Ronald Reagan's father was a lifelong alcoholic who moved his family from town to town across the Midwest in an attempt to find work and change his luck. He was unsuccessful in many ways--never able to provide for his family, establish a sustainable relationship with his wife, or provide emotional support for his children. Son Ronald was so wounded by his upbringing, though he was a great storyteller, that he barely mentioned him. It was as if these memories were so painful that he excised his father from the narrative of his life in an attempt to get out from under the memories of his gnawing presence.

Both Bush presidents, though they achieved the ultimate political prize, never felt they were worthy of their fathers' love or pride. George H.W. Bush's father, Prescott, was a successful financier and later, when elected to the U.S. Senate, was held in high esteem by his congressional colleagues. To him, his children could never do or accomplish enough to earn his fulsome praise. No matter how much George achieved it was never enough. Like many presidential fathers he was emotionally aloof from his boys, never making them feel appreciated or affirmed.

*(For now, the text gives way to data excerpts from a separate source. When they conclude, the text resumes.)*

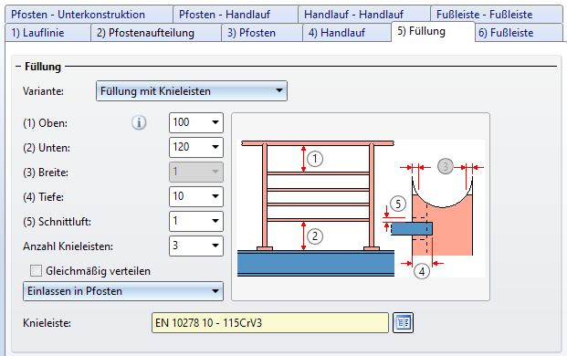 Knieleisten eines Geländers können jetzt auch in den Pfosten eindringen. Dazu steht auf der Registerkarte Füllungen für Füllungen mit Knieleisten die neue Variante Einlassen in Pfosten zur Verfügung.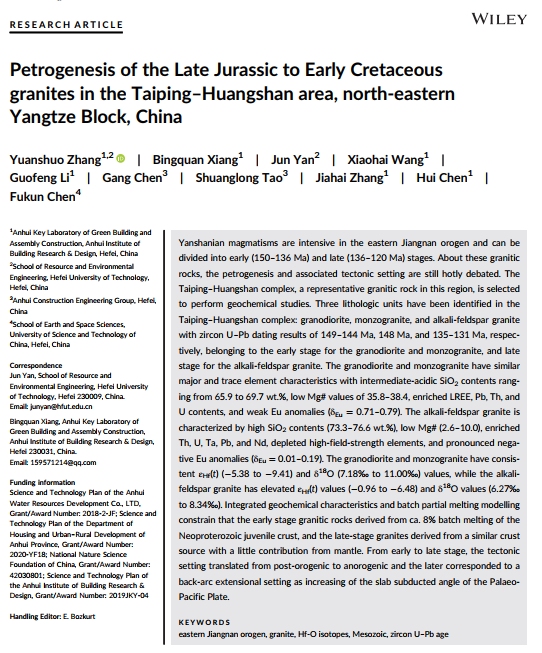 近日,安徽建科綠色建筑節(jié)能與綠色建材研究組在機(jī)制砂母巖原材料研究領(lǐng)域取得新進(jìn)展,相關(guān)研究成果發(fā)表在國際期刊《Geological Journal》(GJ Q3, IF=2.489)上,論文題為“Petrogenesis of the Late Jurassic to Early Cretaceous granites in the Taiping-Huangshan area, north-eastern Yangtze Block, China”,張元朔博士為論文第一作者,黨委書記、董事長項(xiàng)炳泉,教授閆峻為論文通訊作者,該項(xiàng)工作得到了國家自然科學(xué)基金項(xiàng)目、安徽建工集團(tuán)、安徽省建筑科學(xué)研究設(shè)計院等單位科學(xué)計劃項(xiàng)目經(jīng)費(fèi)資助。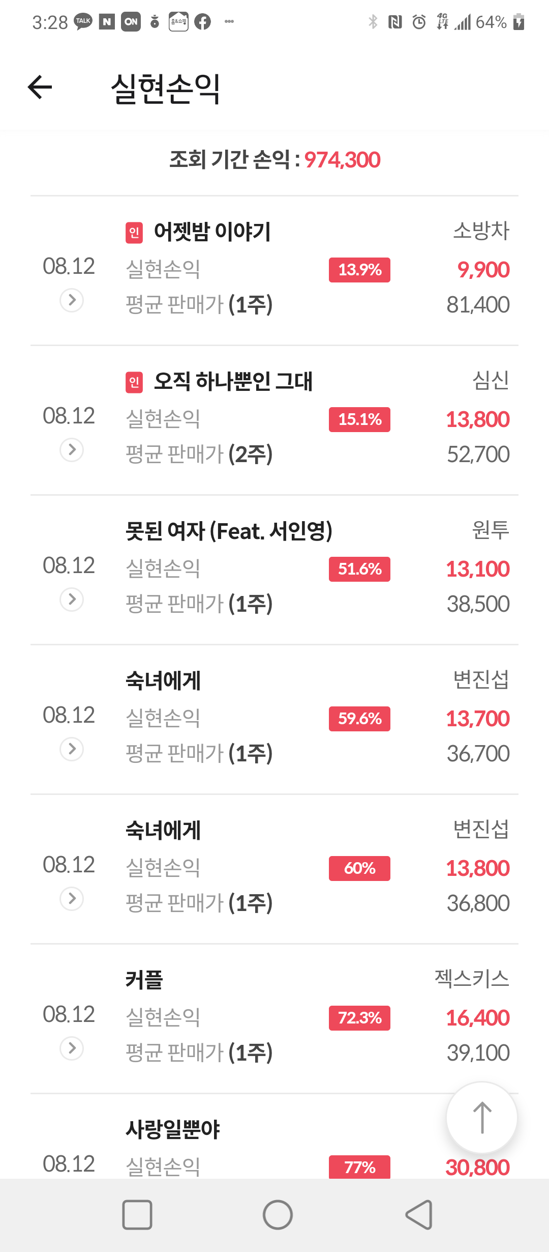 저도 어느 정도 수익을 봤을때 매도하는게 적당한가에 대해서는 아직 확신을 못가지고 있지만 판매 수수료가 곡당 300원 정도이니 1만원의 수익을 보고 판매한다고 생각하면 3%의 적지 않은 수수료를 내야하니 이점을 적당히 고려해서 전략을 짜야할것 같습니다.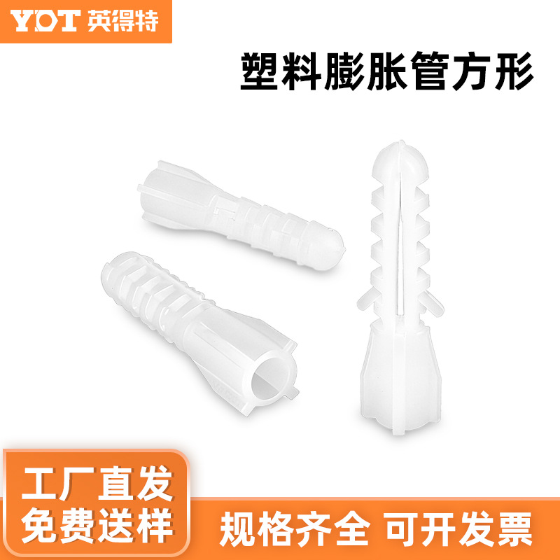 膨胀管膨胀螺丝方形胶塞白色胶粒带刺PE透明塑料方型膨胀管6/8mm

Bill Clinton's biological father died three months before Bill was born. His mother some years later remarried and Bill took his stepfather's name. But the marriage to his mother did not last and after she divorced him, he drifted out of young Bill's life. So in many ways Bill Clinton was fatherless and many who have studied his life and written about him claim that the emotional void that was the result of this unsatisfying family life helps explain his undisciplined nature as a politician, family member, and man.

George W. Bush, son of the 41st president, also felt his father's emotional coolness and thus tried desperately to please him. Many say that his decision to invade Iraq and overthrow Saddam Hussein was to "finish the job" his father left unresolved when he had American troops come to the aid of Kuwait, which had been invaded by Iraq, and to surpass him as a wartime president. Also, some historians feel that his turning to Dick Cheney to serve as his vice president and cede to him so much of the power of the presidency was the result of Bush's impulse to seek substitutes for his biological parent, in the hope that they would offer him the affirmation he so desperately needed.

Other than as a curiosity should any of this interest or concern us?

It could well be that so many of our presidents having Daddy problems of this kind is a problem.

Seeking acknowledgement to salve fragile self-esteem may in the first instance be what motivated most of them to seek the power of the presidency. Not the desire to protect and improve the lives of those who elected them. If emotionally compromised as a result of the influences of their fathers, it also may be that allowing unresolved intra-psychic issues to influence decision making, particularly in crisis situations, gets in the way of their using their best, most rational judgement. We do not benefit by our presidents, when stressed by the consequences of dangerous decisions, to be so emotionally influenced.

One can only wonder what Frederick "Fred" Trump (ne Drumpf) might right now be thinking as his son attempts to deal with the North Korean threat. It could be that son Donald's boundless ego and insecurity are more on display and influencing his decision-making than any of his predecessors.

I would feel better about the situation if President Trump had a full array of family pictures on his Oval Office credenza, not just the one of Fred. Especially pictures of his children and grandchildren because what he decides and authorizes will affect them and their generation more than Trump himself or those of us who have already had full lives.